January 6th, 2012 | by AARON MESH Movies & Television |

Three Movies You Should See Before Portlandia

fullmetalSir, a jelly doughnut, sir! - PHOTO Warner Bros. Entertainmen
No, Portlandia is not actually a movie, and yes, we actually liked it fine, thanks. (We especially like how Carrie Brownstein got every single East Coast media outlet to run practically the same profile, even though they must have known they would be repeating a narrative she meticulously established and controlled, down to repeating exact quotes about her platonic life partnership with Fred Armisen. No one has deviated. Grrrl power!) If you want to see what success looks like on a big screen tonight, check out the Mission Theater at 7 and 10 pm, or the Hollywood Theatre at 10 pm.

But there are things we like more, things that have not been shoved down your throat by Terri Gross and The New Yorker, things you might not know are showing on the big screen this weekend. So we present three of those things.

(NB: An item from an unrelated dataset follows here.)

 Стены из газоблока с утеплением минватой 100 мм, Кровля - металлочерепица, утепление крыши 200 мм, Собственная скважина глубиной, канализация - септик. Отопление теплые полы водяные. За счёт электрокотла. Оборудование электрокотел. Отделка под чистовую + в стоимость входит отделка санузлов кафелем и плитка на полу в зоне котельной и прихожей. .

1. Treasures From the UCLA Film & Television Archive

The NW Film Center's annual raid of UCLA's celluloid drawers becomes even more crucial as the loss of film accelerates. Here is one of the few occasions to see 35 mm films you haven't seen before. The most celebrated reel here is Altman's Come Back to the Five and Dime, Jimmy Dean, Jimmy Dean (7 pm Friday and 2 pm Sunday, Jan. 6 & 8), and the most promising is the Dick Powell noir Cry Danger (7 pm Saturday, Jan. 7). The one I actually watched is The Goose Woman (4:30 pm Sunday, Jan. 8), a 1925 melodrama starring a beautifully pathetic Louise Dresser as a boozing goose farmer who moves inexorably toward betraying her snobby son (Jack Pickford) to the gallows. The picture is mostly a curiosity: It was based on the celebrated Hall-Mills murder case, which hinged on the testimony of a witness called (really) "the pig woman," and the film was released before the New Jersey trial even started. But Dresser's performance is a triumph of authentic artifice, like a Platonic form of Motherhood at its most shamelessly sentimental. NW Film Center's Whitsell Auditorium.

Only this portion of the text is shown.